Department of Microbiology, Kidwai Memorial Institute of Oncology, Bangalore, India.
Front Cell Infect Microbiol. 2021 Apr 30;11:649815. doi: 10.3389/fcimb.2021.649815. eCollection 2021.
Globally, human papilloma virus (HPV) infection is a common sexually transmitted disease. However, most of the HPV infections eventually resolve aided by the body's efficient cell-mediated immune responses. In the vast majority of the small group of patients who develop overt disease too, it is the immune response that culminates in regression of lesions. It is therefore a rarity that persistent infection by high-risk genotypes of HPV compounded by other risk factors progresses through precancer (various grades of cervical intraepithelial neoplasia-CIN) to cervical cancer (CxCa). Hence, although CxCa is a rare culmination of HPV infection, the latter is nevertheless causally linked to >90% of cancer. The three 'Es' of cancer immunoediting elimination, equilibrium, and escape come into vogue during the gradual evolution of CIN 1 to CxCa. Both cell-intrinsic and extrinsic mechanisms operate to eliminate virally infected cells: cell-extrinsic players are anti-tumor/antiviral effectors like Th1 subset of CD4+ T cells, CD8+ cytotoxic T cells, Natural Killer cells, . and pro-tumorigenic/immunosuppressive cells like regulatory T cells (Tregs), Myeloid-Derived Suppressor Cells (MDSCs), type 2 macrophages, . And accordingly, when immunosuppressive cells overpower the effectors ., in high-grade lesions like CIN 2 or 3, the scale is tilted towards immune escape and the disease progresses to cancer. Estradiol has long been considered as a co-factor in cervical carcinogenesis. In addition to the gonads, the Peyer's patches in the gut synthesize estradiol. Over and above local production of the hormone in the tissues, estradiol metabolism by the gut microbiome: estrobolome tryptophan non-metabolizing microbiome, regulates free estradiol levels in the intestine and extraintestinal mucosal sites. Elevated tissue levels of the hormone serve more than one purpose: besides a direct growth-promoting action on cervical epithelial cells, estradiol acting genomically Estrogen Receptor- also boosts the function of the stromal and infiltrating immunosuppressive cells . Tregs, MDSCs, and carcinoma-associated fibroblasts. Hence as a corollary, therapeutic repurposing of Selective Estrogen Receptor Disruptors or aromatase inhibitors could be useful for modulating immune function in cervical precancer/cancer. The immunomodulatory role of estradiol in HPV-mediated cervical lesions is reviewed.

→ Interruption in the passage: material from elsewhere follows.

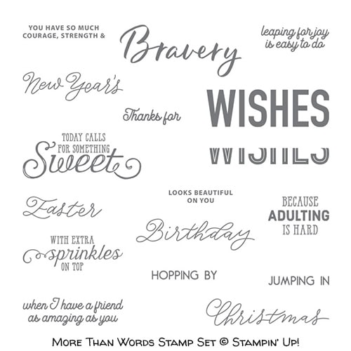 The new More Than Words stamp set is only available through March 31, or while supplies last. It has some great sentiments for different occasions, in different fonts, that can be used with many other Stampin’ Up! products.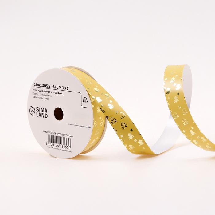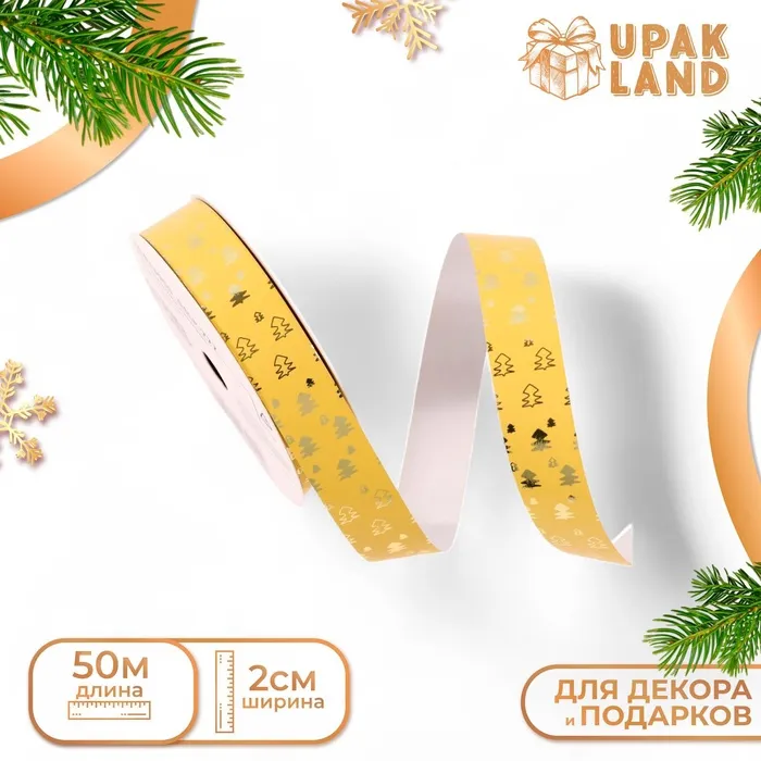 Лента новогодняя декора и подарков, «Елки», золотая, 2 см × 50 м — Характеристики

全球范围内,人乳头瘤病毒(HPV)感染是一种常见的性传播疾病。然而,大多数 HPV 感染最终都会在机体高效的细胞介导免疫反应的辅助下得到解决。在极少数发生显性疾病的患者中,也是免疫反应导致病变消退。因此,高危型 HPV 持续感染与其他危险因素共同作用导致癌前病变(各种级别的宫颈上皮内瘤变-CIN)进展为宫颈癌(CxCa)的情况非常少见。因此,尽管 CxCa 是 HPV 感染的罕见结局,但后者与超过 90%的癌症有关。癌症免疫编辑的三个“E”——消除、平衡和逃逸,在 CIN 1 向 CxCa 的逐渐演变过程中变得流行起来。细胞内和细胞外机制都参与了消除病毒感染细胞:细胞外效应物包括 Th1 亚群 CD4+T 细胞、CD8+细胞毒性 T 细胞、自然杀伤细胞等抗肿瘤/抗病毒效应物,以及调节性 T 细胞(Tregs)、髓源性抑制细胞(MDSCs)、2 型巨噬细胞等促肿瘤/免疫抑制细胞。因此,当免疫抑制细胞超过效应物时,在 CIN 2 或 3 等高级别病变中,天平倾向于免疫逃逸,疾病进展为癌症。雌二醇长期以来被认为是宫颈癌发生的一个共同因素。除了性腺之外,肠道的派尔集合淋巴结也能合成雌二醇。除了组织中局部产生的激素外,肠道微生物组的雌二醇代谢:雌激素谱——色氨酸非代谢微生物组,调节肠道和肠外黏膜部位的游离雌二醇水平。激素的组织水平升高有多种作用:除了直接促进宫颈上皮细胞生长外,雌二醇通过基因组作用——雌激素受体,还能增强基质和浸润性免疫抑制细胞的功能。Tregs、MDSCs 和癌相关成纤维细胞。因此,作为推论,选择性雌激素受体破坏剂或芳香酶抑制剂的治疗重新利用可能有助于调节宫颈癌前病变/癌症中的免疫功能。本文综述了雌二醇在 HPV 介导的宫颈病变中的免疫调节作用。